KJIPUKTUK (Halifax) – Here’s some rare good news from the poverty front.
Newly released data by Statistics Canada show that in 2017 in most provinces the number of people considered poor decreased.
Canada-wide, the percentage of persons living below Canada’s official poverty line in 2017 declined to 9.5% from 10.6% the year before.
Unfortunately, Nova Scotia has nothing to celebrate.
With 12.8% of its population living in poverty Nova Scotia is number one in terms of the percentage of people deemed poor by the Statistics Canada definition.
Even more sadly, Nova Scotia is also number one in child poverty, with with 17.1% of people younger than 18 considered poor.
That number actually went up substantially from 2016, when it was sitting at 14%.
We do need to put an asterisk beside these numbers, in that many poverty advocates will make a valid argument that they are higher across the board.
No doubt the department of Community Services will ask for our patience as its social services transformation initiative will make everything better. But that tune is getting a bit old.
What the Canada-wide decrease shows is that poverty isn’t this mysterious phenomenon that just happens, much like the weather.
For instance, it is no coincidence that the province with the highest poverty rates has the lowest minimum wage in Canada.

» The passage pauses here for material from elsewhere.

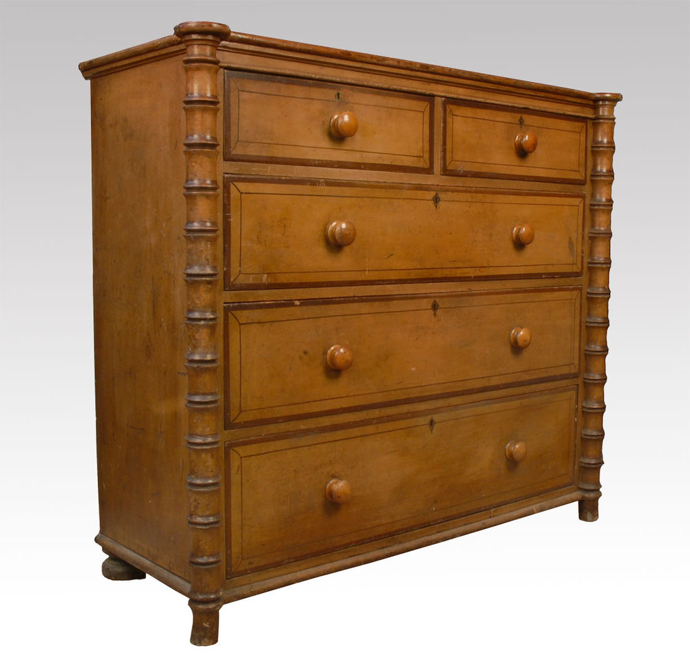 above two short and three long draws each having simulated inlay and wooden turned knobs flanked by bamboo simulated column terminating in shaped feet

There is a reason that in 2017 a mere 4.9% (and Nova Scotia’s 3.4%) of people older than 65 are considered poor. That reason is called good policy.
As food security expert Valerie Tarasuk explained in a 2018 interview: “The only thing that changes is that these people become eligible for old age pension and guaranteed income supplements.”

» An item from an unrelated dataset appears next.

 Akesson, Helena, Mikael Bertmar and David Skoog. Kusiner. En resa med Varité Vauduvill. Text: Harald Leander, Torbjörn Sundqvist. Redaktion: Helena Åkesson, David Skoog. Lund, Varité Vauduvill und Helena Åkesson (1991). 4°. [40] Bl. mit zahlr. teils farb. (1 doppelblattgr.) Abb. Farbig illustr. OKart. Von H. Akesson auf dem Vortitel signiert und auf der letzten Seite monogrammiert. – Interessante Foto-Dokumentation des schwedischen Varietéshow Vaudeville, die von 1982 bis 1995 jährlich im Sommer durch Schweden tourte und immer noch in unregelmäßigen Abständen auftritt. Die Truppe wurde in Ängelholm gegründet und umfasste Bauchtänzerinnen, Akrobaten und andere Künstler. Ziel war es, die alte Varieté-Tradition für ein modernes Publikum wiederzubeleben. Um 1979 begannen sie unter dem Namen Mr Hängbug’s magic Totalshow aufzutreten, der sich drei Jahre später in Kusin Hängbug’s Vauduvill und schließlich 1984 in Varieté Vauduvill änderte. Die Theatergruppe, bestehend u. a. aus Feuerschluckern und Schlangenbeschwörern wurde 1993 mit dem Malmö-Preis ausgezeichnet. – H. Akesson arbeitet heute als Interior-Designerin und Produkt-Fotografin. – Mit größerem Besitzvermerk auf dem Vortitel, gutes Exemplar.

“For somebody on welfare it will be double what they were getting before, and it will be indexed to inflation. It will typically come with full drug benefits. What happens is that we have an income floor. It’s not perfect. But there is strong relationship that when you give people an income floor that is closer to adequate than it dramatically drops the risk of food insecurity,” Tarasuk said.
Similarly, the CBC reports that in terms of child poverty, with a decline between 2015 and 2017 of 10% to 5%, Alberta saw one of the most dramatic reductions in the past two years on record.
Economist Trevor Tombe says that phenomenal decline is largely due to the Canada Child Benefit introduced by the federal Liberal government and the Alberta Child Benefit.
“So those two policies, combined, really dramatically increase the amount of child benefits that Alberta families receive,” Tombe said in the CBC story.
The increase amounts to “a little more than double” what low-income families were receiving in 2014, Tombe said.